Inheriting Cryptocurrency: What to Know

Now, the laws that govern the inheritance of cryptocurrency are still a bit blurred.

It can be nearly impossible to access the portfolio of a miner or investor unless they give up their respective encryption keys. And, this security due to the decentralized and non-regulated nature of the encrypted devices.

Apparently, there have been a few cases of inheritance issues surrounding cryptocurrency, including the case of Matthew Moody. Still, up to now, there have been no unanimous decisions or even proposition to try to remedy the problem.

Illustrating the Issue

The case surrounding the Moody family is the perfect way to illustrate the issues that surround the inheritance of cryptocurrency. Back in 2013, Matthew Moody, a Bitcoin miner, lost his life in a plane crash during an observation flight in Chico, California.
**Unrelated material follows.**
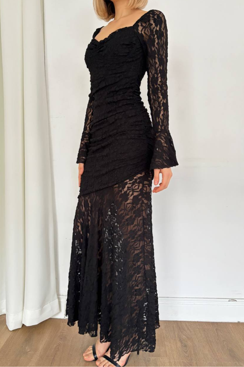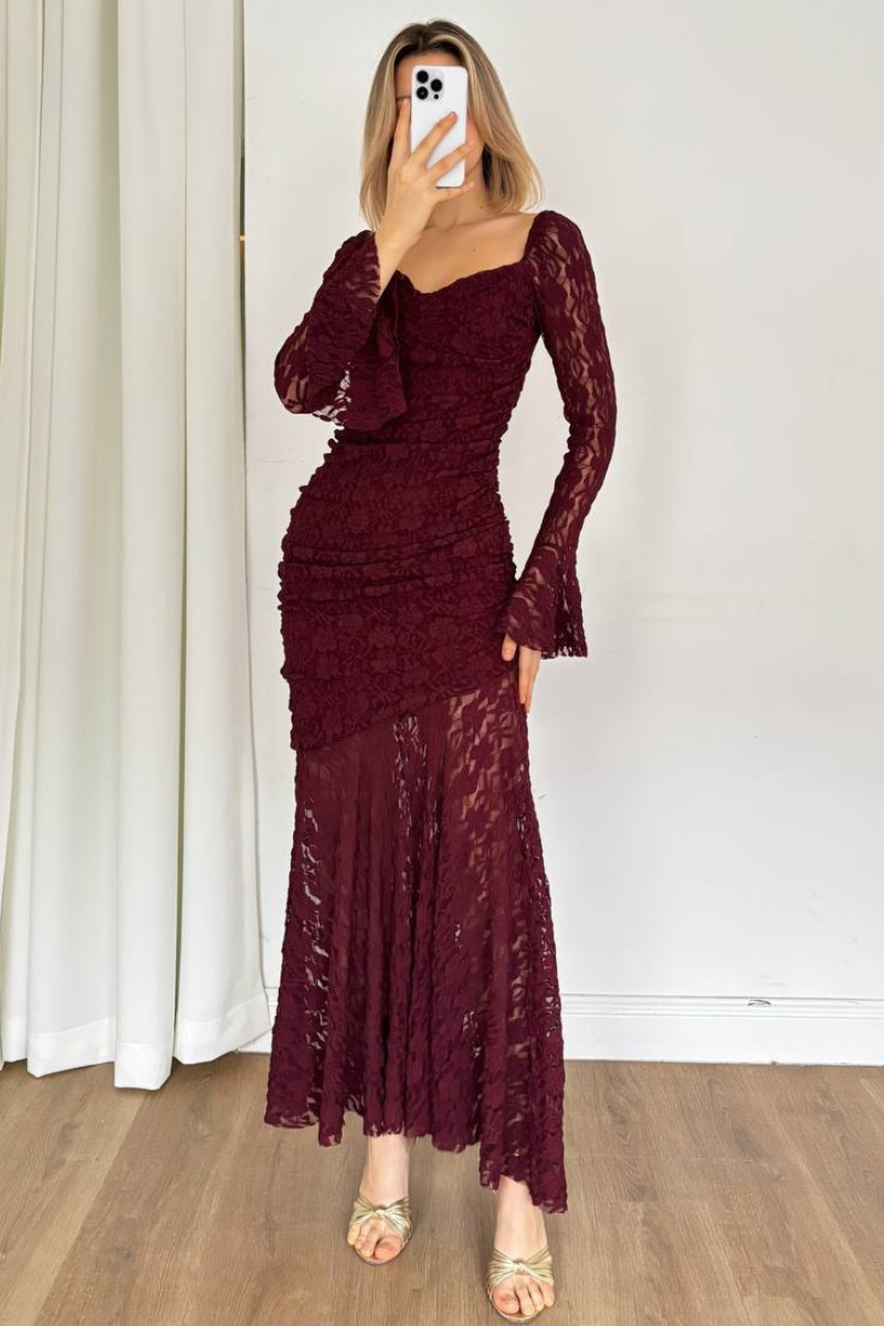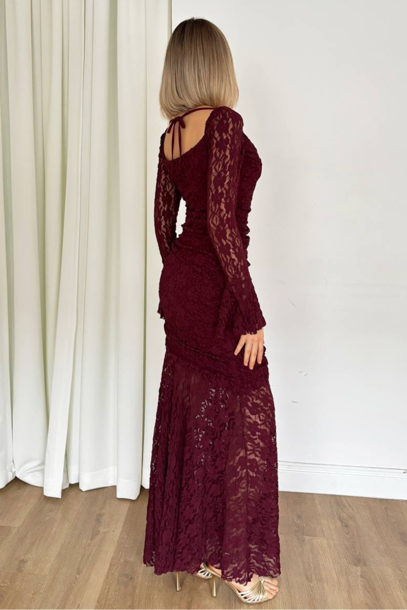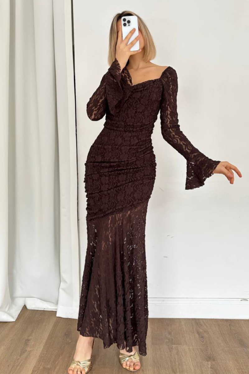 An elegant floor-length dress crafted with delicate lace for a timeless, feminine look.
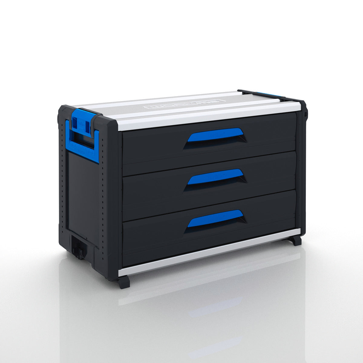 This module is equipped with three drawers, height 8 (internal dimensions WxHxD): 660 x 123 x 314 mm). The drawers store objects, keeps them concealed from view and are easily accessible due to its full extension. They can be flexibly subdivided with accessories such as inset boxes, small component trays or dividers and provides a clear arrangement and orderliness. Optional anti-rattle mats on the floor of the drawer prevents movement of the contents and absorbs noise.

His father, Micheal Moody, who was aware of his son’s work, expected to inherit Matthew’s portfolio.


Therefore, the retired software engineer made a declaration stating that his son was one of the first to mine Bitcoin and that he had used his personal computer to do so. Still, even if his father knew that Matthew was in possession of cryptocurrency before his passing, he had absolutely no way to access them.

What’s more is that the decentralized nature of cryptocurrency requires each user to create an identifier and a specific address for their device.
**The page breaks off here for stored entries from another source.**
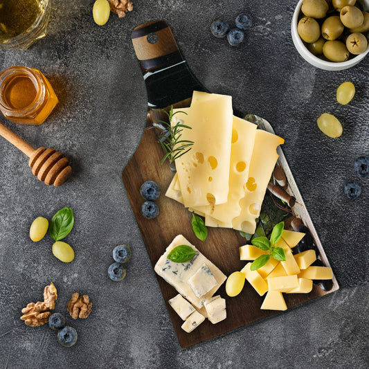 Ambesonne Wine Cutting Board, Glasses of Red and White Wine Served with Grapes French Gourmet Tasting, Decorative Tempered Glass Cutting and Serving Board, Wine Bottle Shape, Brown Ruby
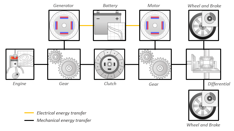 По умолчанию многорежимное эталонное приложение HEV конфигурируется следующим образом:Отображенный двигатель и генератор
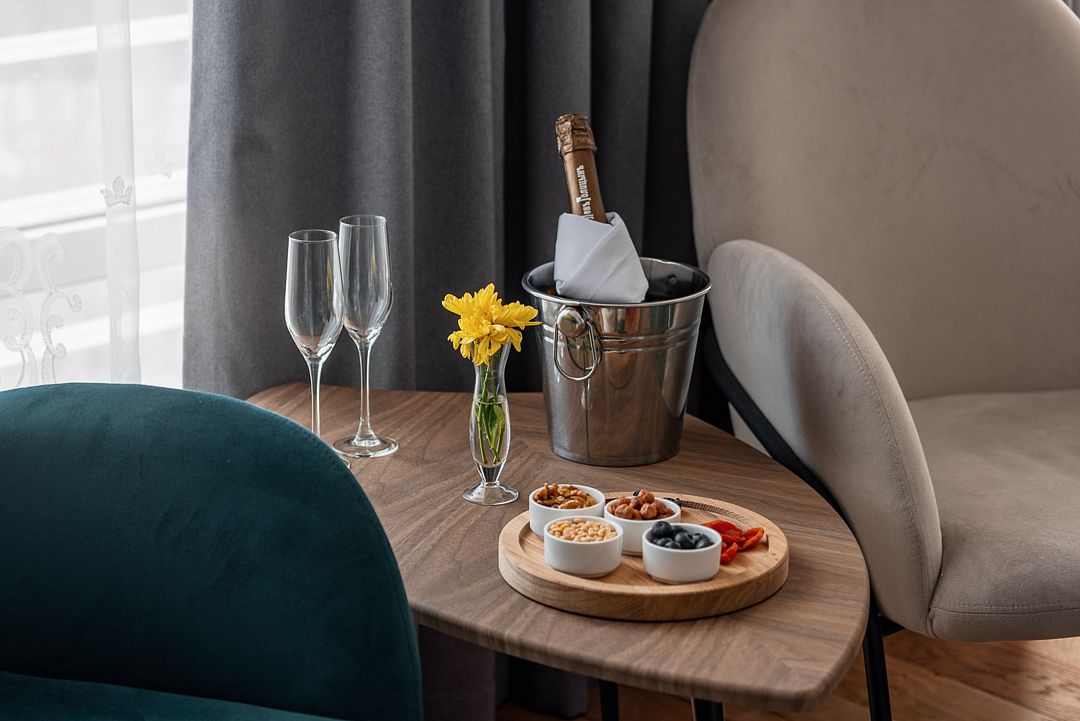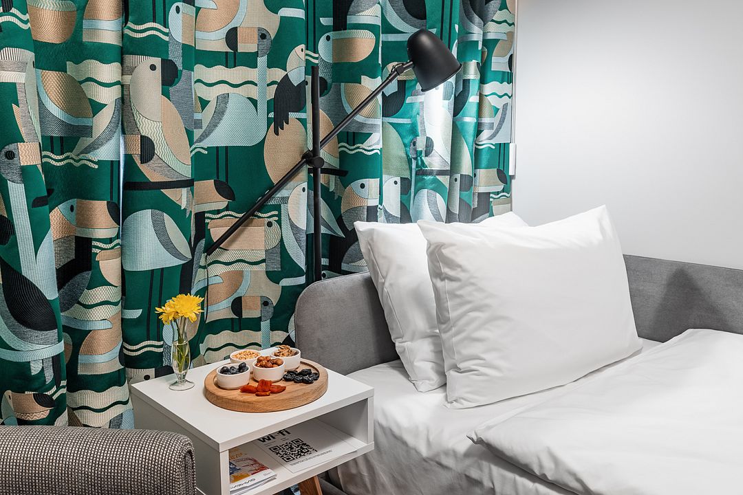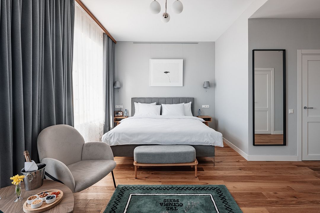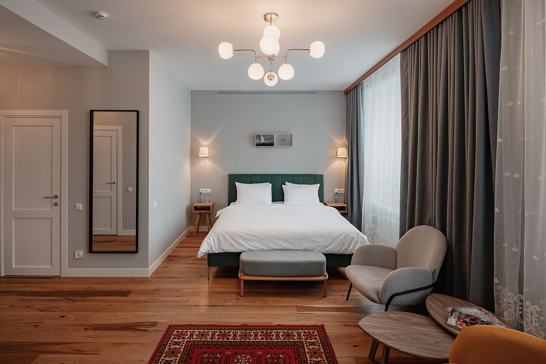 Атмосферный, стильный и современный арт-номер для комфортного размещения в арт-санатории "Изовела". Из окон открываются неповторимые виды на город или горы Хибины.
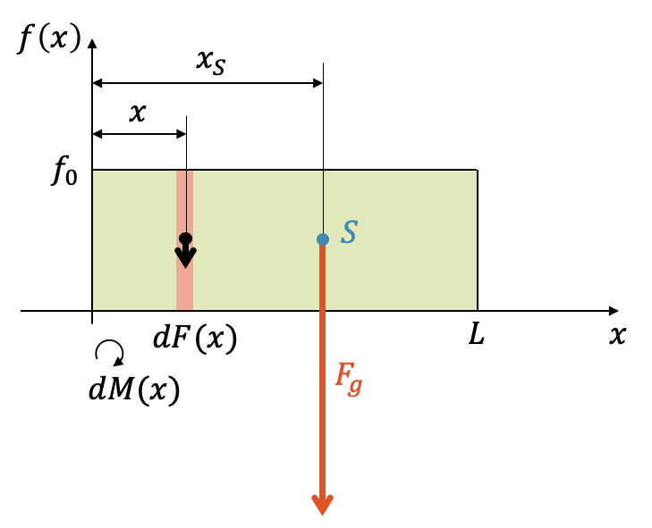 Je weiter diese Teil-Gewichtskraft vom betrachteten Drehpunkt entfernt ist (Abstand \(x\)), desto grösser ist das Teil-Drehmoment \(dM\). Für das Gesamt-Drehmoment aller Teil-Gewichtskräfte, müssen wir die Teil-Drehmomente integrieren. Dieses Integral muss dann aber das gleiche Drehmoment erzeugen, wir die gesamte Gewichtskraft \(F_g\) im Schwerpunkt, der im Abstand \(x_S\) liegt:
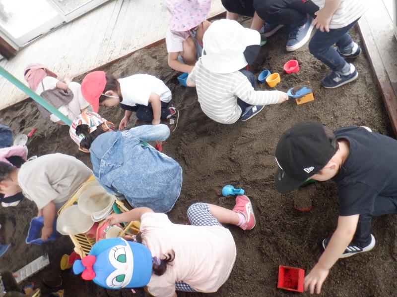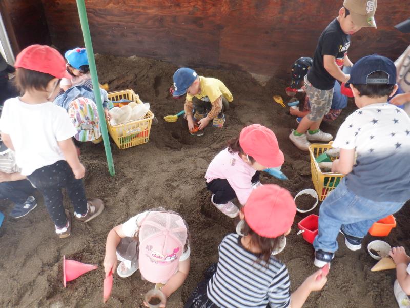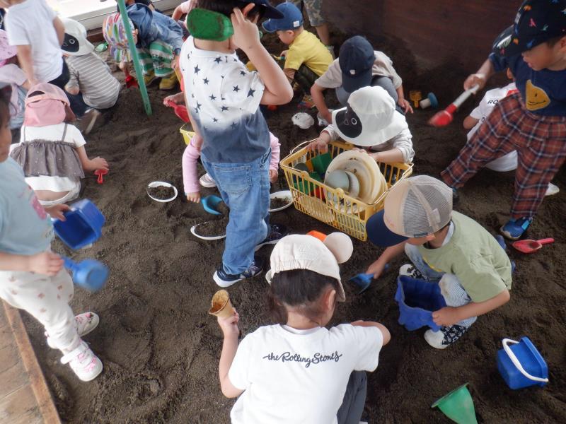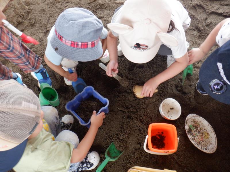 型抜きしたり、アイスやごはんを作って砂あそび!
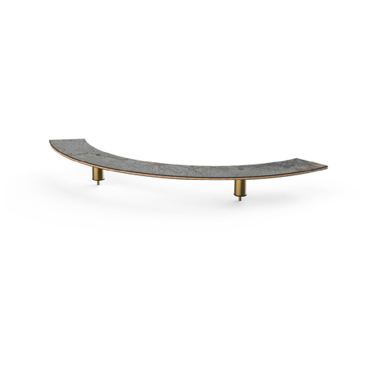 The Steelite MGCIAF01GBXX Mogogo Buffet Solutions Modular Outer Extension Shelf is a precision-engineered piece, measuring 76 inches in length, 27-1/2 inches in width, and 6-1/2 inches in height. This half-round extension shelf is notable for its grey slate BHP high-pressure laminate surface, which is complemented by a robust bamboo core top. The shelf features brushed brass legs, adding both aesthetic appeal and durability to its design. It is packed individually, ensuring that each unit arrives in pristine condition. This product is particularly valuable for hospitality environments, providing a versatile and stylish solution for buffet presentations. Its modular nature allows it to seamlessly integrate into existing buffet setups, offering expanded surface area and enhanced functionality. The combination of materials not only delivers a striking visual contrast but also ensures strength and longevity, making it a strategic investment for venues looking to enhance their dining experience. This extension shelf is ideal for hotels, restaurants, and catering services that prioritize both form and function in their buffet setups.
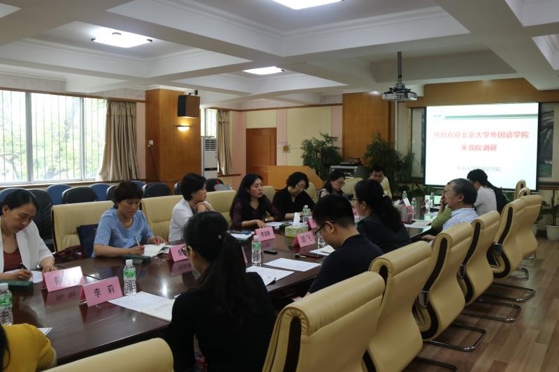 院长王东风教授对北大太阳成集团tyc33455cc官网一行的到来表示热烈欢迎,并详细介绍了中大外语学院近年来在人才引进、师资队伍建设等工作中取得的成绩和经验。随后,副院长冯芃芃、党委副书记司飞分别围绕本科培养方案修订工作和第二课堂特色介绍了学院在教学和人才培养方面的总体情况。

Now, after years of trying to recover his son’s cryptocurrency, Micheal Moody made a statement that there always seems to be more questions than answers.

The Future of the Deceased’s Cryptocurrency

According to a Blockchain developer, Todd Kandaris from Stepwyze believes that the complete regulation of the industry is impossible due to its decentralized nature.

The situation is made even worse when it comes to procedures for transferring a deceased person’s cryptocurrency. Nolan Bauerle, a research director explains that normally a dead person’s cryptocurrency would become inaccessible and would be abandoned.

This is due to a lack of some form of authority who would be able to resolve the issue. One potential solution would be for individuals to leave the information about their cryptocurrency portfolio in their will.


A Promising Solution

Most companies, who operate in the industry, are in possession of their client’s private encryption keys. In general, this serves as a security measure to protect customer’s from completely losing their account information, which would otherwise make their accounts permanently inaccessible.

So, if a death certificate can be presented, some companies may be able to transfer the encryption keys. However, this practice is far from unanimous in the world of Blockchain technology since it violates the idea of decentralization.